VM on ZFS

, ,

Hi

I have a ZFS pool, on my server; and would like to run a VM off it.

Is there a way to have a disk image as a directory or something where individual files on that .img can be utilized by ARC etc?

The blocks in a zvol block device, or in a raw/qcow2 file on a dataset will be cached in ARC.

Usually the recommendation is to set ARC to cache metadata only, and let the VM just use its cache, because it can make slightly better decisions on what to keep and so you aren’t doubling the amount of ram used for what is mostly the same data.

So I use the ZFS pool for quite a few other things, which I would probably want to keep the ARC on normal mode. Presumably to achieve this, I’d have to create a separate dataset

The VM is windows 10, desktop…Will it automatically cache frequently used files/folders?

You can set the ARC settings per dataset and ZVOL, so you can leave the rest of the pool as is, if you were going that route.

As far as what each OS will cache, I couldn’t tell you.

You could export a directory via NFS and have your VM mount it

Is it? I never heard this advice before, I think your argument is sound, but it seems to depend a lot on the use case. The guest OS can make better decisions, but on the other hand the host often has more memory to use for cache (whether ARC or Linux’s pagecache). But of course you are right in that it would imply an extra round of shuffling data back and forth in RAM, I never actually thought much about that aspect. Either way, I’m always following the advice to leave qemu’s own caching off, and I think everyone should.

On a more technical note:
One thing I noticed with VMs and primarycache=metadata, is that unless block sizes are perfectly aligned, sync writes lead to read-modify-write amplification (test method: running crystaldiskmark rnd 4k write tests, 4k cluster NTFS in Win10 guest, 64k recordsize/volblocksize on host, monitoring zpool iostat -vv to observe both reads and writes during writing). If primarycache=all, then I see no RMW amplification.
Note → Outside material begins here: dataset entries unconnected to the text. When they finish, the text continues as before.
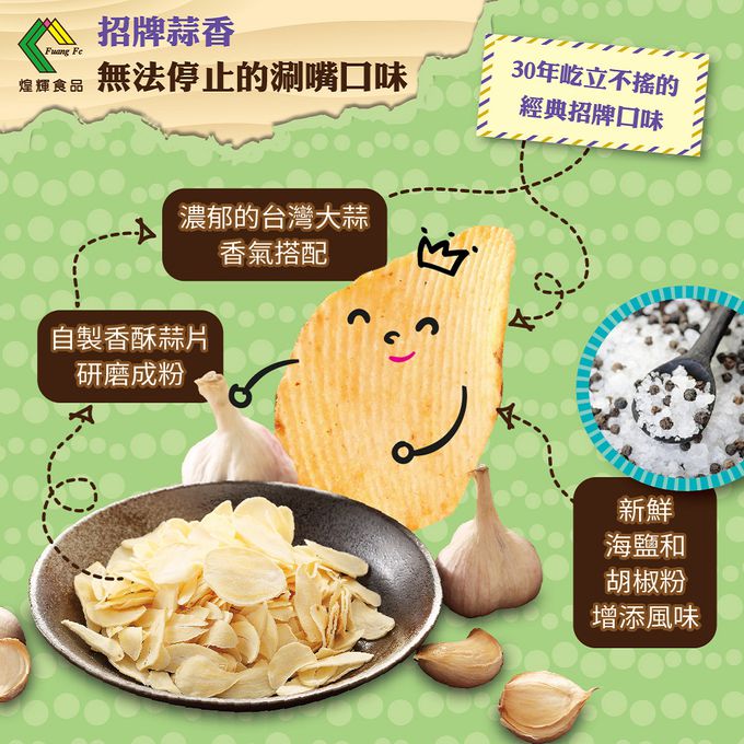 >>招牌蒜香:煌輝30年招牌炸蒜片搭配天然食材研磨成粉,灑在厚切波浪洋芋片上,是煌輝洋芋片屹立不搖的招牌口味!
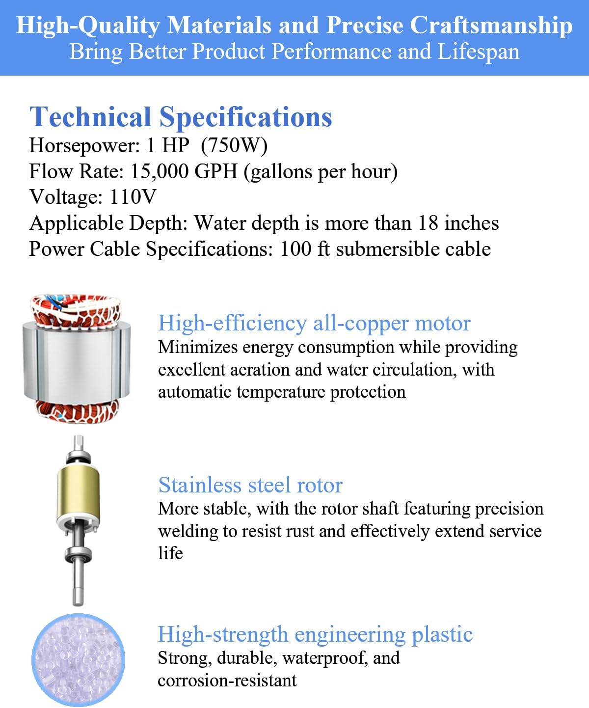 - Energy-Efficient & Easy Installation – Plug-and-play design connects to standard 110V; includes 100-foot waterproof power cord and support cable; operates in water as shallow as 18 inches.
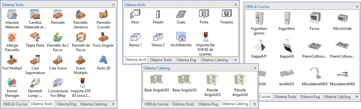 Il catalogo Oikema Arch include strumenti per creare rapidamente elementi architettonici utili a contestualizzare i modelli d’arredo:
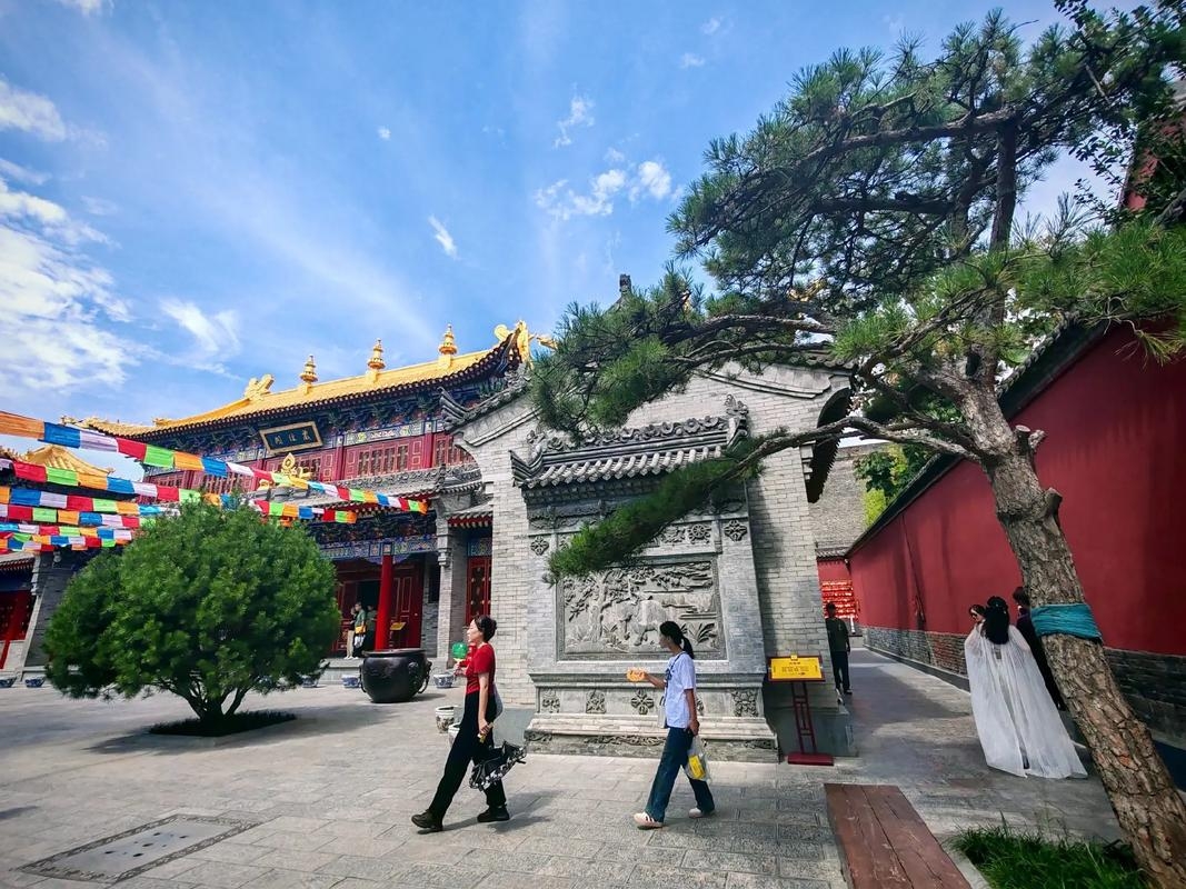 广仁寺山门外两侧矗立有整齐成一线的八座如来宝塔,以赞颂释迦牟尼一生八大功德。八塔建于2008年,风格迥异,包含不同含义,采用上等汉白玉,雕刻手法精细,总高4.6米。站在广仁寺前的广场,蓝、白、红、黄彩色的风幡在蓝天之下迎风飘展,仿佛置身在西藏的雪域高原。
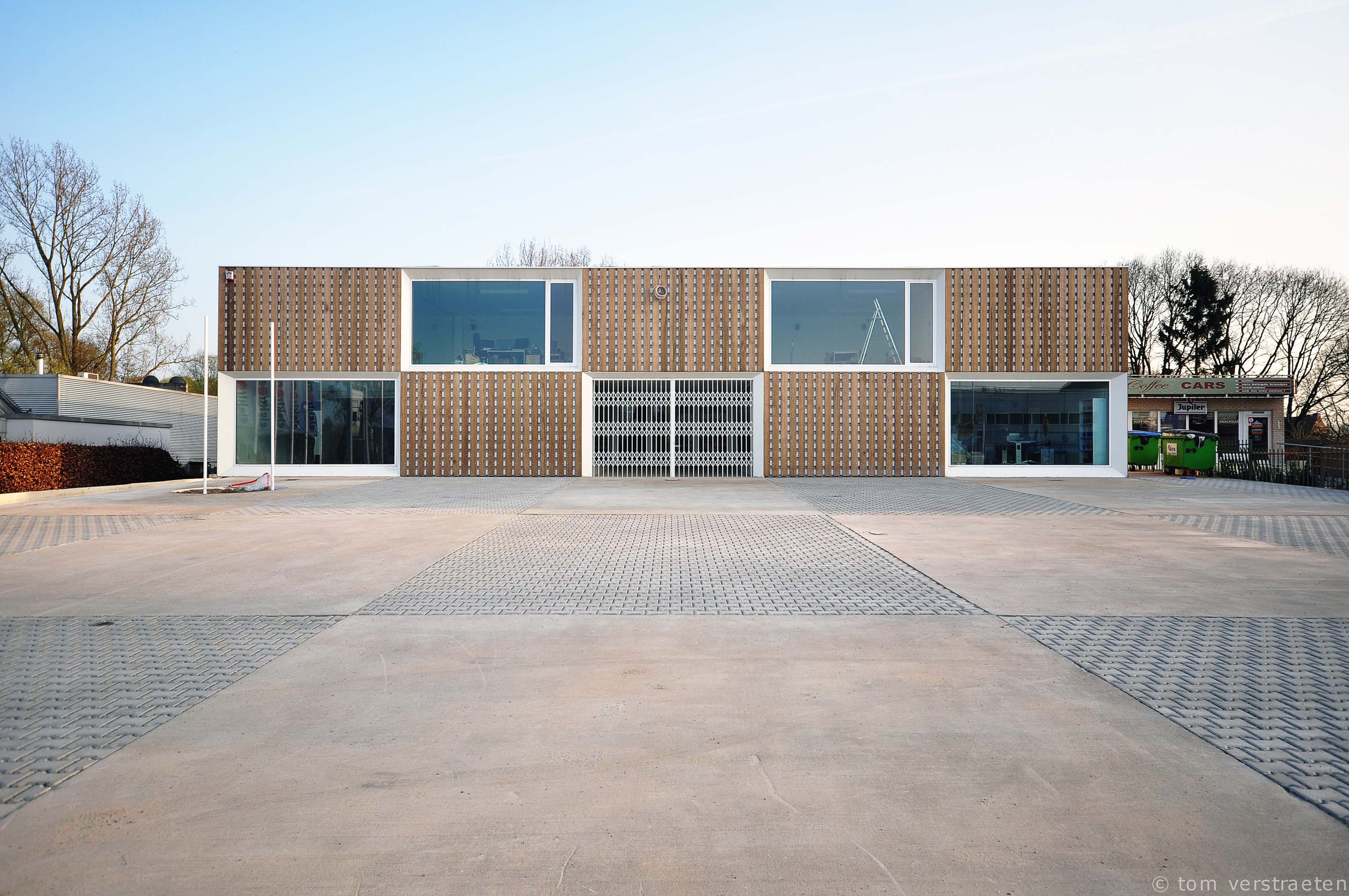 Een voormalige disco langs de Molsesteenweg in Geel, heringericht als commercieel pand, werd volledig gestript en uitgebreid met kantoren, inkom en magazijn. Dit nieuwe programma moest volledig in een extra strook passen, in een balkvormig volume dat voor de voorgevel geplaatst werd. De nieuwe voorgevel wordt opgevat als reclame, als blikvanger. Verticale houten planken op een horizontale bardage leveren een Moiré-effect op, dat de aandacht van de passant moet trekken. De raamomlijstingen bestaan uit witgelakt staal.
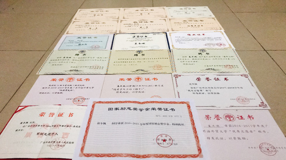 回忆起自己在广外四年来的生活,莫冬佩感到很充实。从一开始的新奇懵懂到学会取舍,再到默默耕耘、渐有所获的一路上,她遇难不畏缩,成就着更优秀的自己。
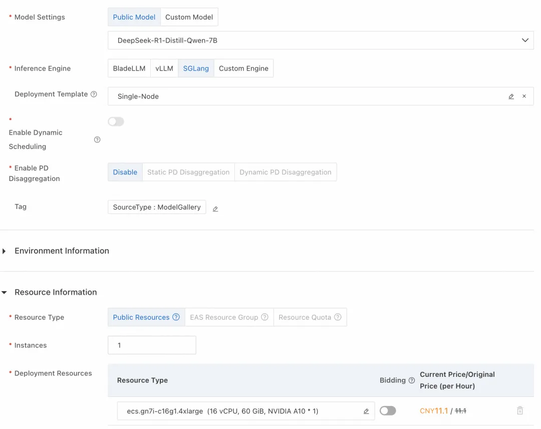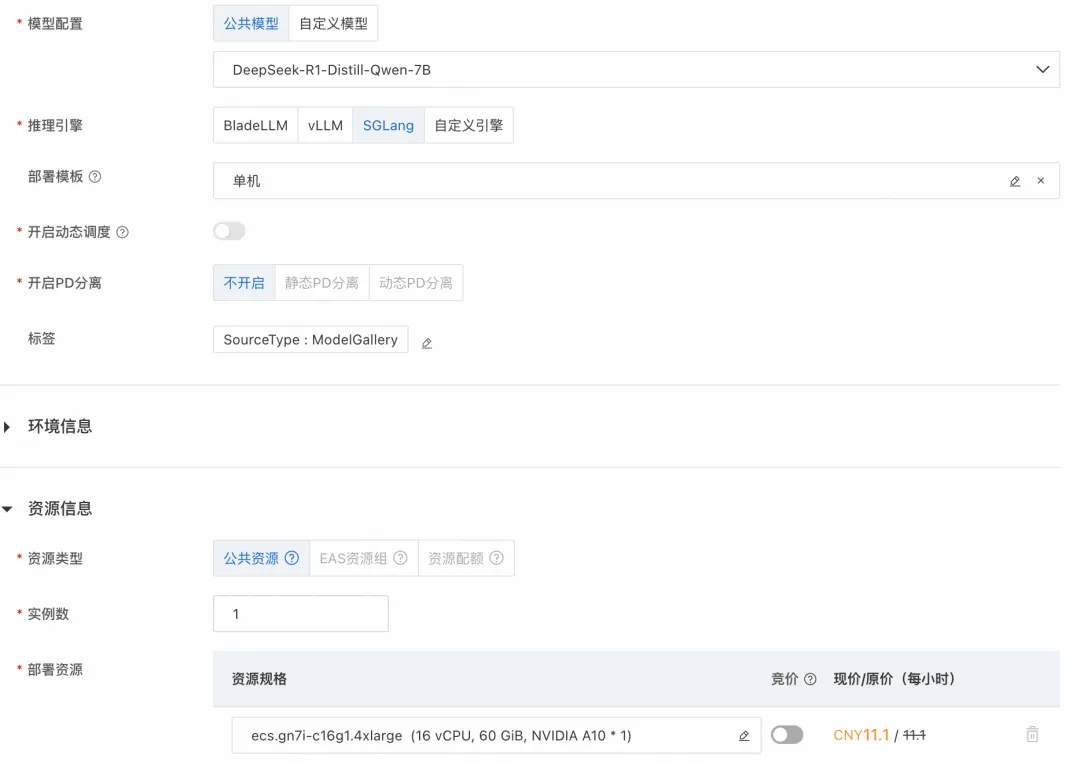 如下图所示,这里模型类别选择 DeepSeek-R1-Distill-Qwen-7B,资源类型选择 ml.gu7i.c8m30.1-gu30,具有 24G 显存。
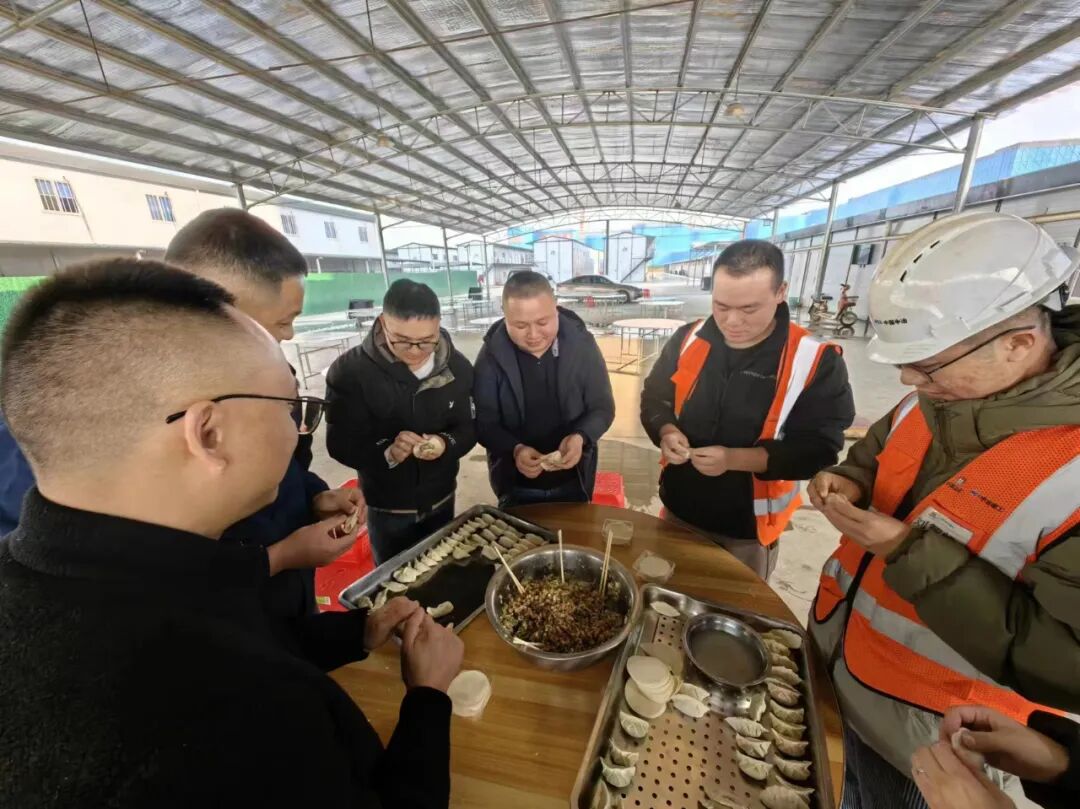 项目攻坚“不打烊”,节日温暖也“不缺席”。除夕当天,军山新城及军山科投负责人到项目建设现场,为坚守一线的建设者们送上慰问物资,与大家共贺新春、共度佳节。“作为项目承建方之一,我们全力保障项目春节不停工。”中冶建工华科项目书记宋晓燕介绍说,为支持春节期间持续生产作业,中冶建工提前备好了过年物资,组织建设者们一起包饺子、吃团年饭、看春晚,以周到的后勤服务,保障他们“过个好年”。“这是我们第一次在外地过年,和大家一起在坚守中奋斗,体会到了不一样的‘年味儿’。”
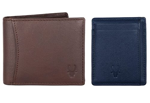 Brown Leather Men’s Wallet and Blue Safiano Card Case (WH1173)

The above suggests to me that if only metadata is cached in ARC, then writes are not cached either (at least not sync writes). But you’d really want this caching, to take advantage of coalesced writes. (Of course for sync writes the ZIL will also add to the write load nevertheless, but my assumption is that those extra writes are more efficient than RMW cycles).

Unless I am missing/misunderstanding some part of the underlying mechanisms (which happens a lot :slight_smile: ).

(My detour above is probably quite far from @burny02 s original question, which I believe is already answered in the thread.)

1 Like

Huh, that’s an interesting observation, thanks for bringing it up. Definitely makes me reconsider.

1 Like

Thinking again, I realized there is another potential explanation behind my observations. Maybe there is always RMW amplification in the test case I describe, but in the case of primarycache=all the to-be-read data sits already in ARC, implying that the relevant reads are never logged by zpool iostat -vv.

Actually this might make more sense. In my understanding, CrystalDiskMark preallocates a 1Gb file on NTFS and does all IO within that one. This file is organized first in 4k blocks (i.e. NTFS allocation units), which are stored on a virtual device with (in my test case) 64k block sizes.

My original assumption (leading to the conclusions in my last post) was that the size mismatch (64k vs 4k) would be taken care of as ZFS would have plenty of chances to fill a 64k range with 4k writes before the next txg commit. (NB that CrystalDiskMark is spamming 4k writes as fast as it can!) But this assumption is likely to be wrong, because ZFS never sees this blocksize mismatch! Rather, the RMW amplification must be happening between the VM and the storage layer immediately below it (qcow2 clusters or zvol blocks). ZFS would just receive read and write requests of 64k size.

My revised theory implies that RMV amplification happens regardless of the primarycache setting. If this revised theory is correct, then the reason I see only writes and no reads with zpool iostat when primarycache=all, is not a lack of RMW but simply that all the reads are from ARC and never hit storage.

Relevant to note may be that my tests were run with compression=off. The logic was that compression shouldn’t matter for random data, but I realize that when mismatched IO chunk sizes come into play it might potentially matter a lot! All this calls for further testing :slight_smile:


To recap

I made the following observation:

My first interpretation was that “turning off” ARC (primarycache=metadata) also turns off the collection of sync writes into transaction groups, i.e. the standard write caching that ZFS does for sync and async writes alike. But then I realized that zpool iostat -vv probably doesn’t log reads that happen from ARC, so a better explanation of my observation might be that there is always RMW (regardless of the primarycache setting) in my test scenario due to the mismatch in allocation unit size, but ARC helps with the read part of that.

If I’m right, the lession is simply to avoid mismatches beween NTFS / qcow2 / ZFS block sizes when hosting VM storage.

1 Like

:+1: That’s exactly what I was considering as a possibility as well, and is now in my ever increasing list of things to try to look at.